That title probably had you all reading on with concern… it’s a wish not an actuality! We’ve been moved to Level 3 of the Children’s Hospital (C3West) and it’s not what we’re accustomed to!! Great nursing but for older children and babies (particularly those with Rose’s worst enemy at the moment: bronchiolitis) and we’re hidden away in a little room where no one can see Rose… this would all be very reassuring if it meant we were somewhere appropriate and Rose’s issues were resolved but they are not.
I’ve tried a few times to jump up and down about the move but I’m clearly not being very convincing… maybe the fact I haven’t had a shower for 3 days now is creating the wrong impression?

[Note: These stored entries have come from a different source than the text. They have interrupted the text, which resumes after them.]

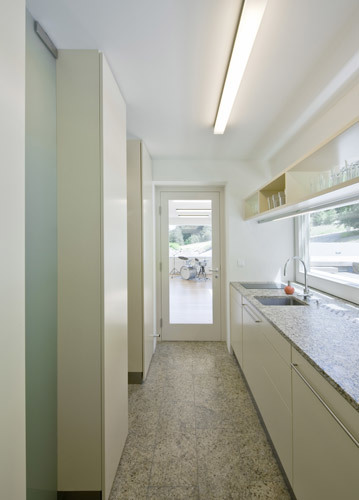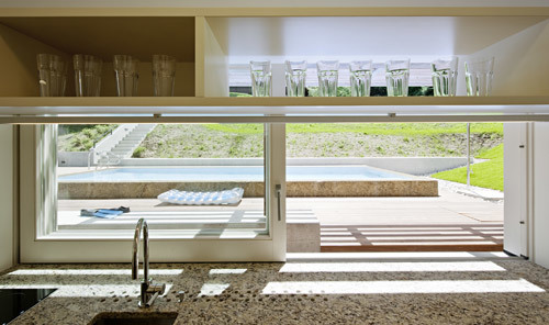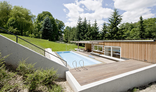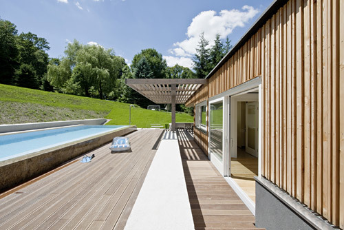 Die kleine Anlage am Fuße der Treppe wird von einer niedrigen Betonbrüstung präzise eingefasst. Mehrere Ebenen in bilden ein interessantes Raumgefüge und erlauben vielseitige Nutzungsvarianten. Zuoberst flankiert eine großzügige Holzterrasse das etwas darunterliegende, langgestreckte und granitverkleidete Wasserbecken. Die Brüstung zwischen der Poolebene und dem Haus dient als Sitzbank und Liege von der einen und als Bar und Ablage von der anderen Seite. Der variabel nutzbare Wohn- Schlafraum öffenet sich mit großen Schiebeelementen ins Freie, auch die Küchenzeile hat durch aufschiebbare Fenster direkten Bezug zur Terrasse und wird wahlweise zur Ausschank.
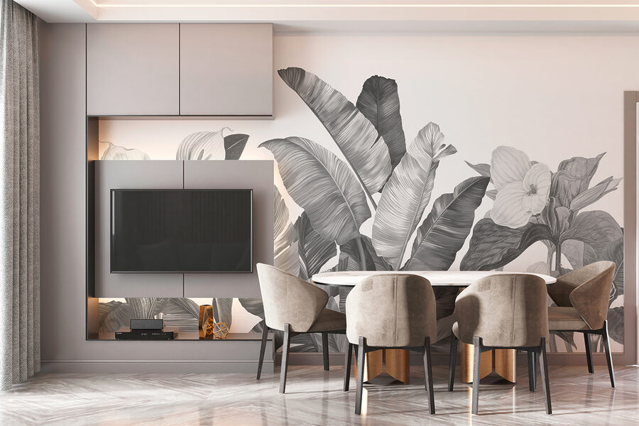Szóval, készen állsz egy minivakációra, ami csak egy pillantásnyira van? Merüljön el személyes monokróm dzsungelébe ezzel a falfestménnyel; elegáns, nyugtató és könnyedén menő.
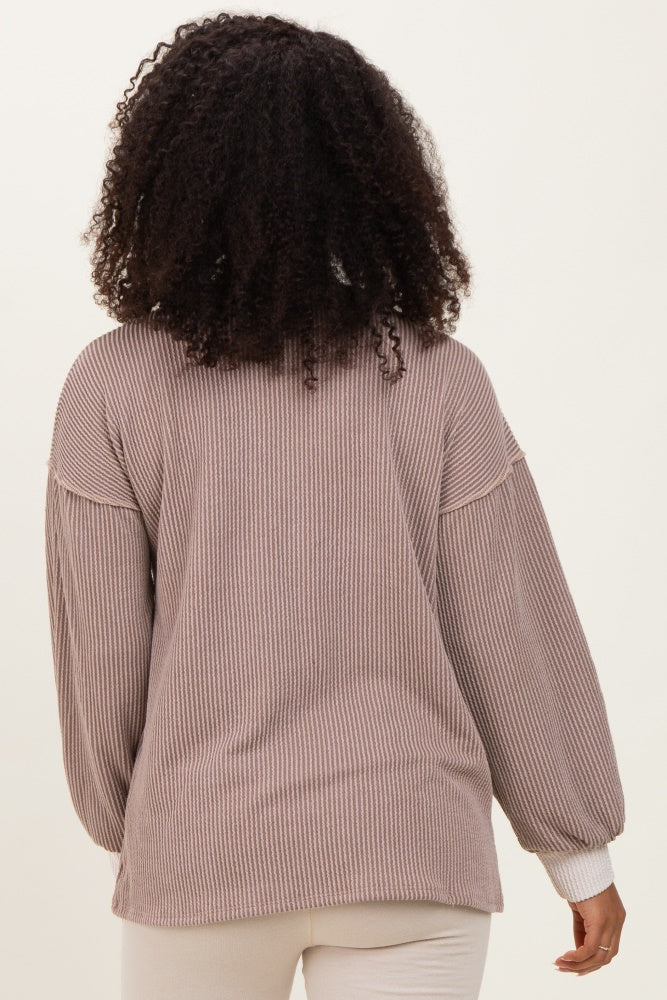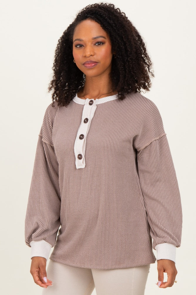 Mocha Long Sleeve Contrast Button Detail Rib Top
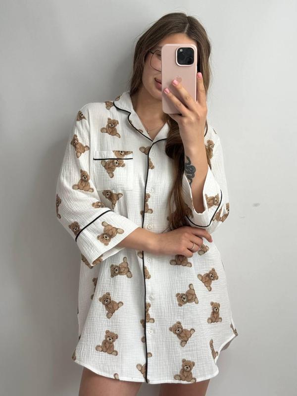 Жіноча муслінова подовжена сорочка для дому та сну на ґудзиках біла з ведмежатами
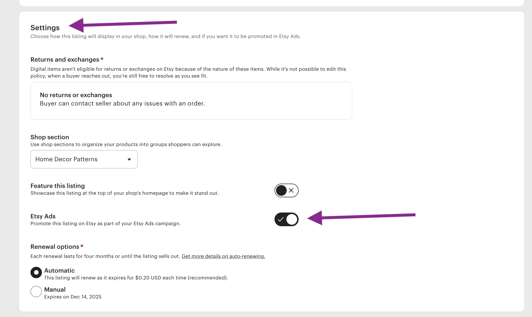 This does not impact the ads setting for existing listings. This only impacts NEW patterns created on Etsy through GoSadi.
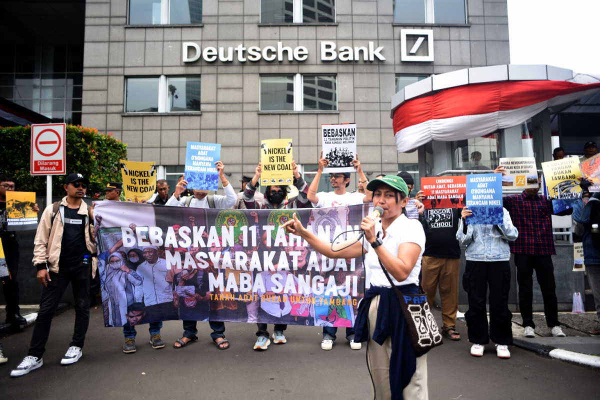 Aksi ini digelar bertepatan dengan agenda sidang lanjutan kasus 11 masyarakat adat Maba Sangaji, Maluku Utara. Mereka dituding melakukan pelanggaran hukum sejak April 2025 setelah menolak ekspansi tambang nikel yang merusak tanah dan hutan adat.
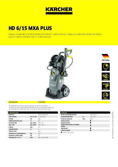 Mobilní vysokotlaký čistič na střídavý proud HD 6/15 MXA Plus s řízením tlakovým spínačem, integrovaným automatickým navíjecím bubnem hadice pro pohodlnou manipulaci s vysokotlakou hadicí i četnými možnostmi odložení a úschovy příslušenství. Nově vyvinuté, robustní třípístové axiální čerpadlo s mosaznou hlavou garantuje dlouhou životnost dobře manévrovatelného a snadno uskladnitelného stroje, snižuje spotřebu energie a zároveň zlepšuje výkon čištění až o 20 procent. Práci bez únavy a úsporu času umožňují vysokotlaká pistole EASY!Force, která využívá reaktivní sílu vysokotlakého paprsku, snižuje sílu potřebnou pro držení na nulu a rychlouzávěry EASY!Lock se v porovnání s běžnými šroubovacími spoji postarají až o pětkrát rychlejší manipulaci, aniž by přitom utrpěla robustnost a dlouhá životnost. Systém automatického snížení tlaku chrání efektivně a spolehlivě vysokotlaké komponenty před zátěží v provozu stand-by. Vysokotlaké čerpadlo a elektronické komponenty jsou díky uživatelsky přívětivé konstrukci stroje mimořádně dobře přístupné pro servis.
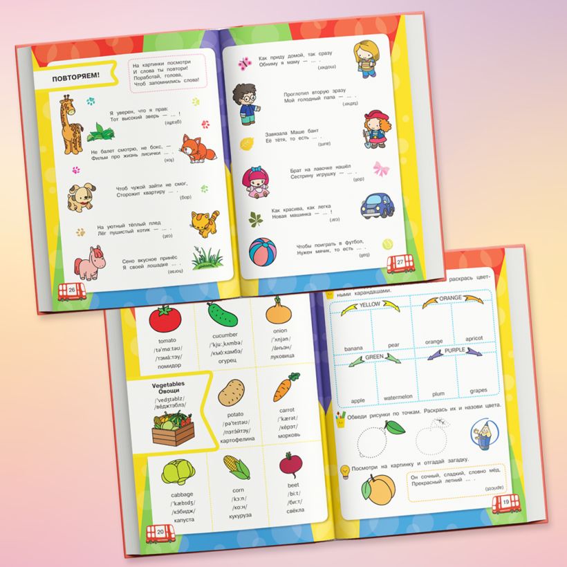 Выполняя большое количество разнообразных занимательных заданий, ребёнок научится узнавать буквы и писать их, потренируется определять звуки в словах; будет обводить пунктирные линии, соединять точки, дорисовывать узоры, раскрашивать, штриховать, обводить и писать печатные буквы; освоит свои первые английские слова и потренируется произносить новые звуки. В книгах учтены возрастные особенности детей: все материалы подобраны так, чтобы ребёнку было понятно и интересно.
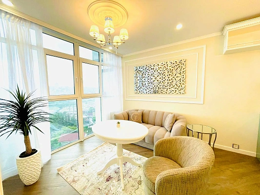 Вместительная кухня гостинная. Отдельная спальная комната. Вся квартира обставлена итальянской мебелью. Дизайнерский ремонт. Витражное остекление. Вид на море.
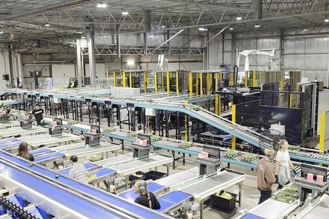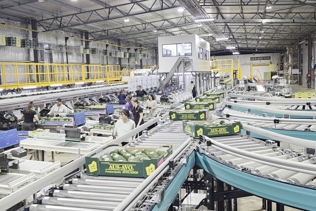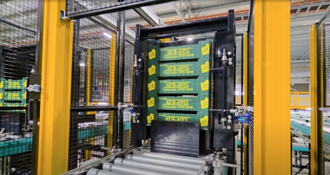 An integrated tray-conveying and robotic fruit-tray palletising system custom-built for Bendotti Avocado by Alnico Systems.
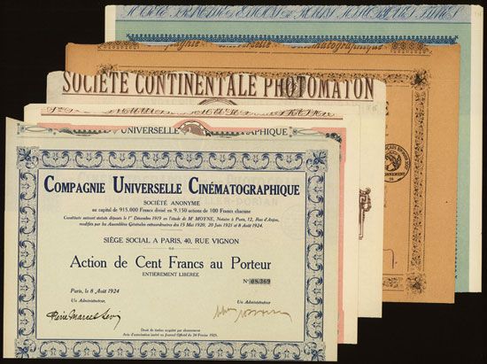 France, 1920's, Issued Bonds with Coupons Attached, 1) Two Compagnie Universelle Cinematographique 2) Societe Francaise D'Editions de Romans Historiques Filmes 3) Societe Continentale Photomaton, Societe Francaise de Cinematographie et de Photographie, VF condition.

Anyway – we had our first demonstration of what google promised of the fundoplication yesterday… I was told to clean around her gastrostomy site but the Gastrostomy Nurse said to give her panadol if it caused her discomfort as it’d set up a negative association if she could feel pain. So we gave her panadol, waited for it to work and then I tried to clean it and she was very upset so started crying… crying causes abdominal pain when you have a fundo (ref. google and now my own experience)…. so she cried more because she had abdominal pain which caused her to cry more… so we had to vent her (let the build up of gas out thru her gastrostomy tube) but none of the nurses assigned to her on CICU knew how to do this so they found one who did and we vented her but by then the crying and the venting was a circle that may never resolve so we stopped venting her and gave her stronger pain relief… so that was all just a bit nerve wracking and very confronting. I have spent the time since then berating myself for not being stronger and saying no to the fundo. and being quite scared of her in her new surgically modified form. Not useful I know but unavoidable so far. I know all the reassuring things you guys are thinking but at the moment they’re not helpful.. at the moment I just hate now and you’ll have to let me.